Cabbage and Carrot Slaw

Makes 2 servings

Ingredients:

  • 1 head of cabbage, finely shredded
  • 6 carrots, shredded
  • 1 tsp ginger
  • ¼ c cilantro
  • Vegetable dip for dressing, use as much as needed

Directions:

  1. Finely shred cabbage and carrots or use a food processor.

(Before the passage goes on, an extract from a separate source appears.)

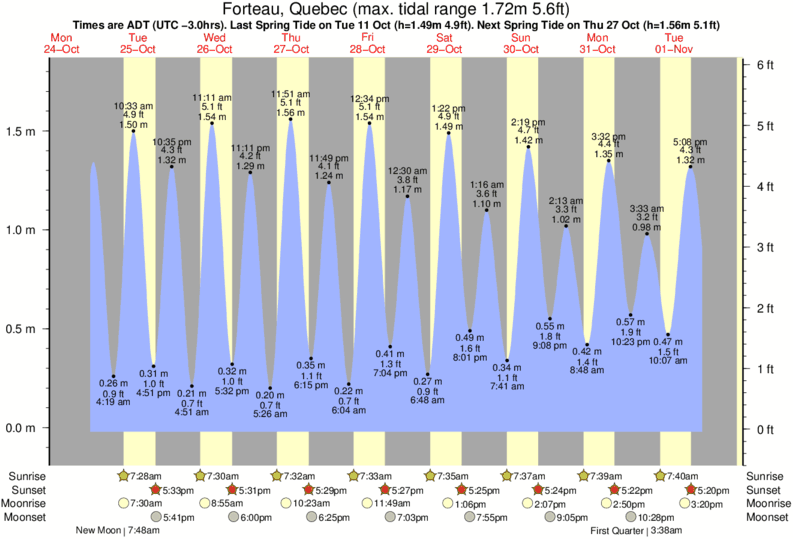 Tide Times are AST (UTC -4.0hrs). Last Spring High Tide at Forteau was on Sat 06 Dec (height: 1.63m 5.3ft). Next high Spring Tide at Forteau will be on Sun 21 Dec (height: 1.44m 4.7ft).

Combine first four ingredients in a medium bowl then toss with vegetable dip.
  2. Enjoy.

 

White Bean and Tuna Salad

Makes 5 servings

Adapted from bon appetit

Ingredients:

  • 1 medium head of radicchio, cored, leaves coarsely torn
  • Kosher salt and freshly ground black pepper
  • 2 15-ounce cans cannellini beans, rinsed and drained
  • 2 celery stalks, peeled, sliced thinly on an extreme diagonal
  • 1 c drained water-packed tuna, broken into large pieces
  • Flat-leaf parsley sprigs (for garnish)

Directions:

  1. Place radicchio in a large bowl; drizzle with 3 tbsp. parsley vinaigrette and toss to coat. Season radicchio to taste with salt and pepper. Transfer to a serving platter, spreading out in an even layer.
  2. In a large bowl,  combine 3 tbsp. parsley vinaigrette, cannellini beans, and celery; toss to coat. Season to taste with salt and pepper.
  3. Arrange bean mixture on top of radicchio. Top salad with tuna and garnish with parsley.
Nutritional Facts:
Calories- 360
Fat- 19 g
Saturated Fat- 2.5 g
Cholesterol- 10 mg
Carbohydrates- 27 g
Dietary Fiber (g) 8
Sugar- 1 g
Protein- 21 g
Sodium- 570 mg

Tuna Salad Stuffed Red Bell Pepper

Makes 1 serving

Ingredients:

  • 1 bell pepper
  • 1 4-6 oz. can of tuna or salmon
  • 1 green onion, thinly sliced
  • Lemon juice
  • ½ celery stalk, chopped
  • 1 tsp. chopped olives
  • 1 tbsp. light mayo, egg and soy free (Brand I like: Earth Balance Mindful Mayo made with olive oil)
  • Sea salt and pepper if desired

Directions:

  1. Drain tuna. In a medium bowl, add the tuna, onion, lemon juice, celery, olives and mayo. Mix to combine. Add salt and pepper, if desired.
  2. Cover and place in the refrigerator to chill. Meanwhile, slice the red pepper in half and remove the seeds. Add the chilled salad to the red pepper halves.
  3. Serve over a bed of lettuce.

 

 

 

Photo by Maria Corcuera

Kale Salad

Kale is a wonderfully healthy leafy green. If you don’t like the taste of kale, no worries! The herbs and lemon juice reduce the bitterness while delighting the taste buds. So make some kale salad today for a dose of vitamins A, K,  and C.

Ingredients:

  • 8 ounces kale, chopped
  • 1/4 cup red onion, diced
  • 1/2 – 3/4 cup fresh mint, chopped
  • 1/2 – 3/4 cup fresh basil, chopped
  • 1/2 cup fresh cilantro, chopped
  • 1/4 cup chia seeds
  • 1/4 – 1/2 cup xvoo
  • Fresh lime juice (from the juice of one large lime)
  • Sea salt and pepper, to taste
  • 1/4 cup gorgonzola cheese or feta cheese, optional
  • Grilled chicken breast

Directions:

  1. Add chopped kale, red onion, herbs and chia seeds in a large bowl.
  2. Whisk xvoo and lemon juice in a small bowl. Toss salad with dressing.
  3. Top with chicken and cheese. Enjoy!